▶ Data records
---+---

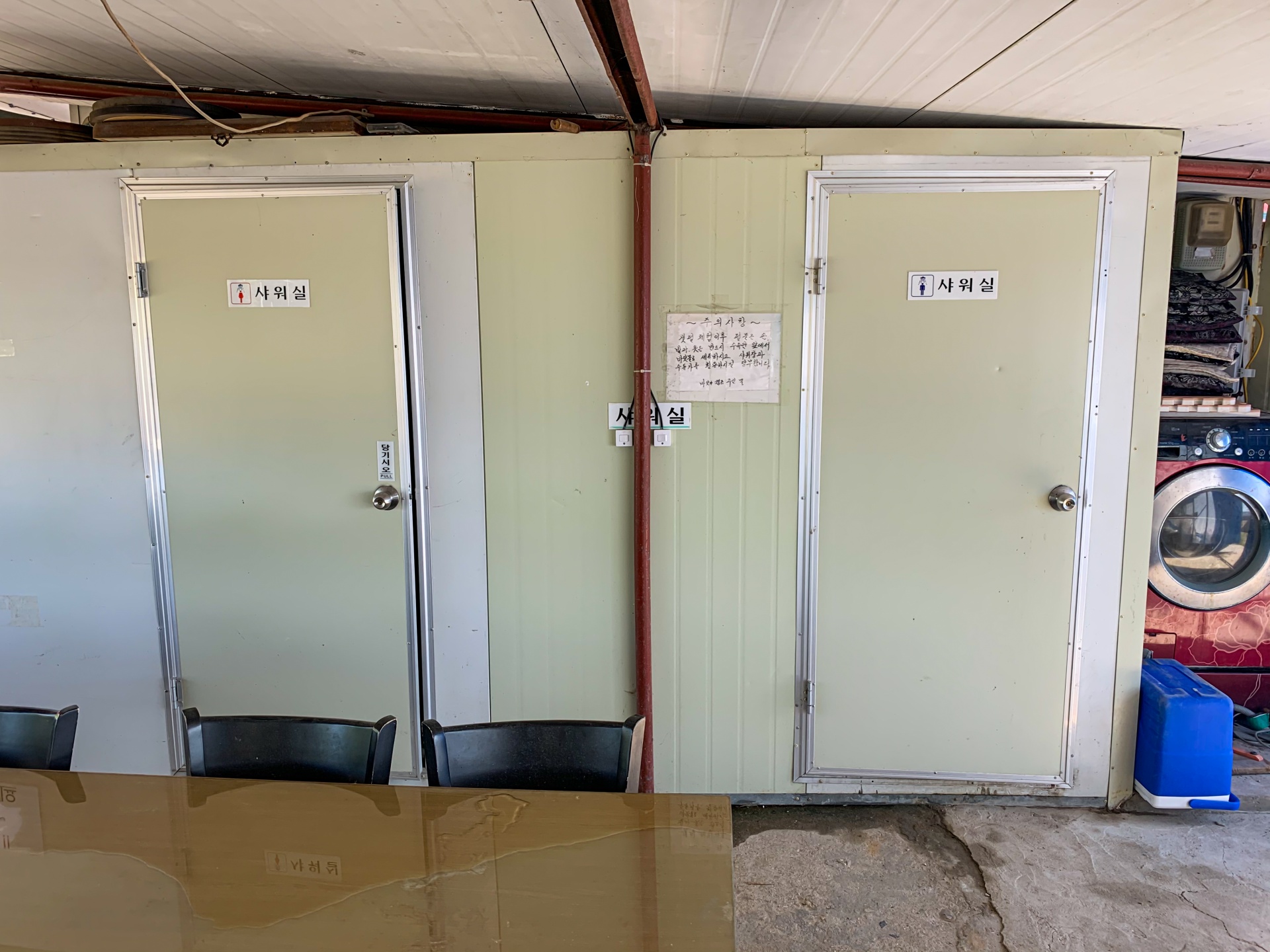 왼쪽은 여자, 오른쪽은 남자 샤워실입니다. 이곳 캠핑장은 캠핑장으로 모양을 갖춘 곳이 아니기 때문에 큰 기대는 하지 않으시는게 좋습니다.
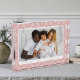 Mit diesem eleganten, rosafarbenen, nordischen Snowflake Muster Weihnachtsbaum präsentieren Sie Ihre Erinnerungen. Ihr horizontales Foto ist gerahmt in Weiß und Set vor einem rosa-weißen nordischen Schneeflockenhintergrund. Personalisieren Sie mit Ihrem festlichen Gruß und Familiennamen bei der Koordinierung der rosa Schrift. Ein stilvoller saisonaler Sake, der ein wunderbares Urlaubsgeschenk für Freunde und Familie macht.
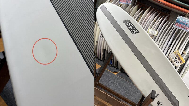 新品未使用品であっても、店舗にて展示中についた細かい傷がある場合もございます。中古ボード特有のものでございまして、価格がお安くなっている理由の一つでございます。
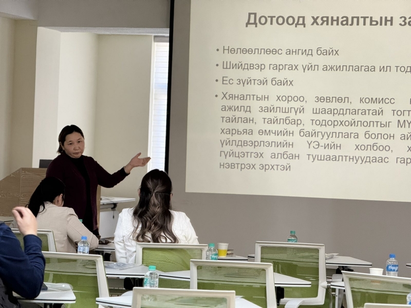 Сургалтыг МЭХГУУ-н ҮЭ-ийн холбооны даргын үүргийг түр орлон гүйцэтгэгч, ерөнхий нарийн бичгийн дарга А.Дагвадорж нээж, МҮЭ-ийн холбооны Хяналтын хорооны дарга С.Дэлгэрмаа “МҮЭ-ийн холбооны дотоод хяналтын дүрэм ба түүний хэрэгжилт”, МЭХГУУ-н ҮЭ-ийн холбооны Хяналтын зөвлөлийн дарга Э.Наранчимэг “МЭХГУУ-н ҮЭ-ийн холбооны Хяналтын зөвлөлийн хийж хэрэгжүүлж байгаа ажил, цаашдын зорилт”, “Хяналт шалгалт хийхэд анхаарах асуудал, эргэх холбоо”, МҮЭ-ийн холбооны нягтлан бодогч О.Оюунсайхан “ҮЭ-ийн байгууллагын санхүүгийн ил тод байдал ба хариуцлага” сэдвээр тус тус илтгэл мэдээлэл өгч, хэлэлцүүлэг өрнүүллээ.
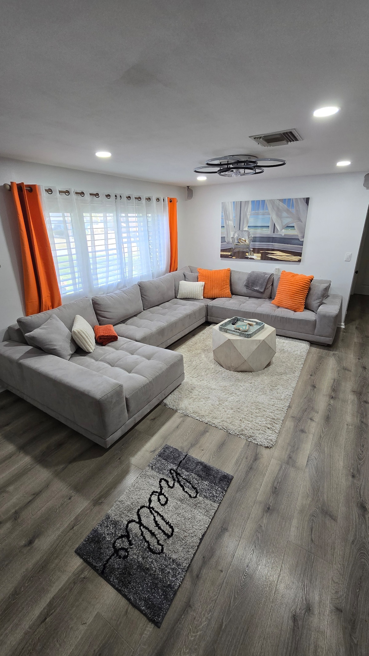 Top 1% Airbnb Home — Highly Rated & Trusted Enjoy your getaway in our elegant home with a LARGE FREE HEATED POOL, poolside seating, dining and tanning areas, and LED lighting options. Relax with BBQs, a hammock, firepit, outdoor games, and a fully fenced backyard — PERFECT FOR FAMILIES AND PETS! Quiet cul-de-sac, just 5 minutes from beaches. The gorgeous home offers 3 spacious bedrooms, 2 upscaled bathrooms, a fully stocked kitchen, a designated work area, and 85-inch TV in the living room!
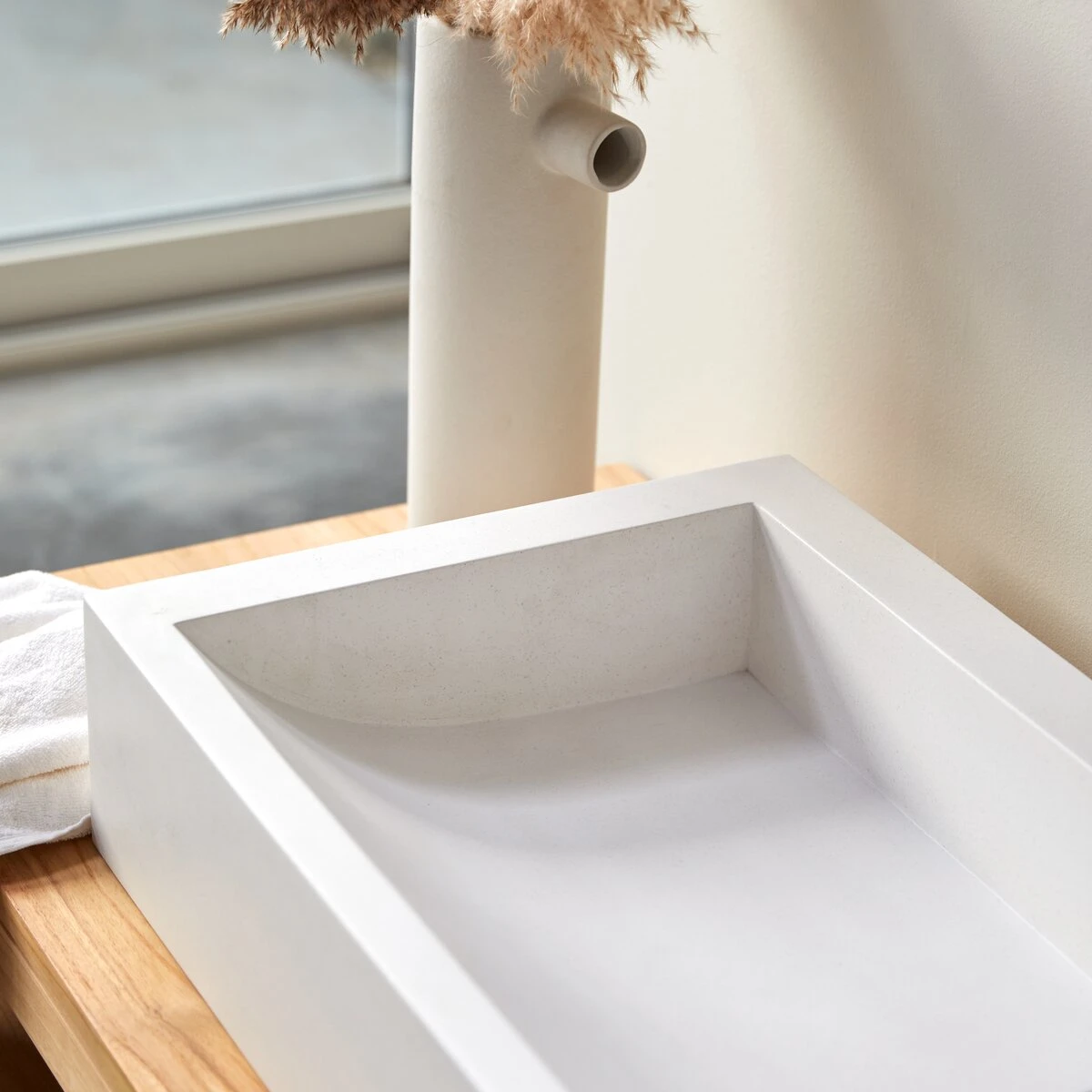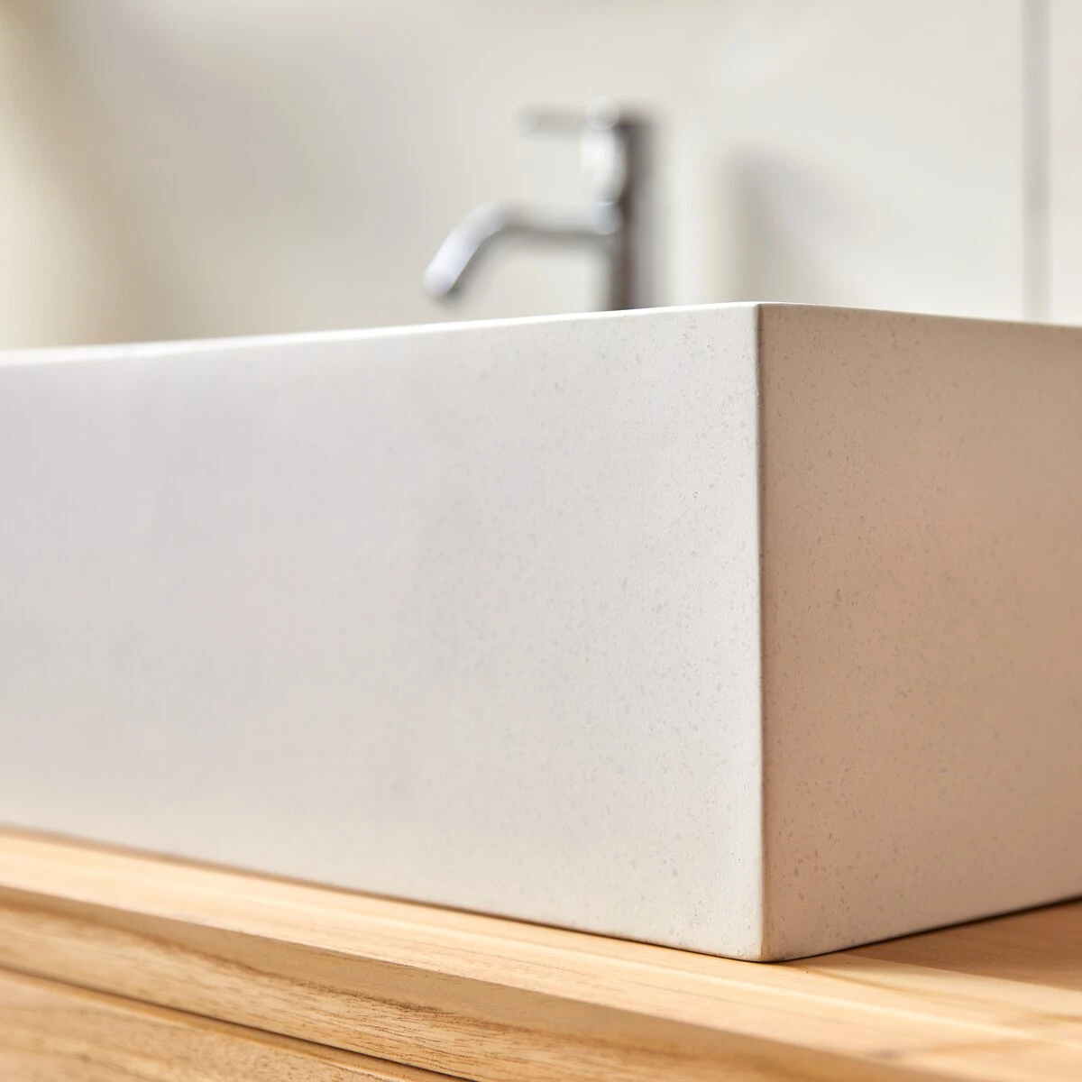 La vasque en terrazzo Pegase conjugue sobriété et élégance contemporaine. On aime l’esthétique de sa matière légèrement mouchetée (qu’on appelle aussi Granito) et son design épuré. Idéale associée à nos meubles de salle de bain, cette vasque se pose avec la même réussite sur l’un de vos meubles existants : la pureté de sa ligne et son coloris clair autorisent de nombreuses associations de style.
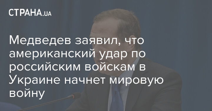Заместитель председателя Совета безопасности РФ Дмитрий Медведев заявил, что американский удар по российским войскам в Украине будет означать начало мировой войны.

---+---

▶ PROBLEM DESCRIPTION
All lines from the start of the entries above through the line containing "新品未使用品であっても、店舗" are to be given again exactly; the pictures are not.

▶ WRITTEN REPLY
 왼쪽은 여자, 오른쪽은 남자 샤워실입니다. 이곳 캠핑장은 캠핑장으로 모양을 갖춘 곳이 아니기 때문에 큰 기대는 하지 않으시는게 좋습니다.
 Mit diesem eleganten, rosafarbenen, nordischen Snowflake Muster Weihnachtsbaum präsentieren Sie Ihre Erinnerungen. Ihr horizontales Foto ist gerahmt in Weiß und Set vor einem rosa-weißen nordischen Schneeflockenhintergrund. Personalisieren Sie mit Ihrem festlichen Gruß und Familiennamen bei der Koordinierung der rosa Schrift. Ein stilvoller saisonaler Sake, der ein wunderbares Urlaubsgeschenk für Freunde und Familie macht.
 新品未使用品であっても、店舗にて展示中についた細かい傷がある場合もございます。中古ボード特有のものでございまして、価格がお安くなっている理由の一つでございます。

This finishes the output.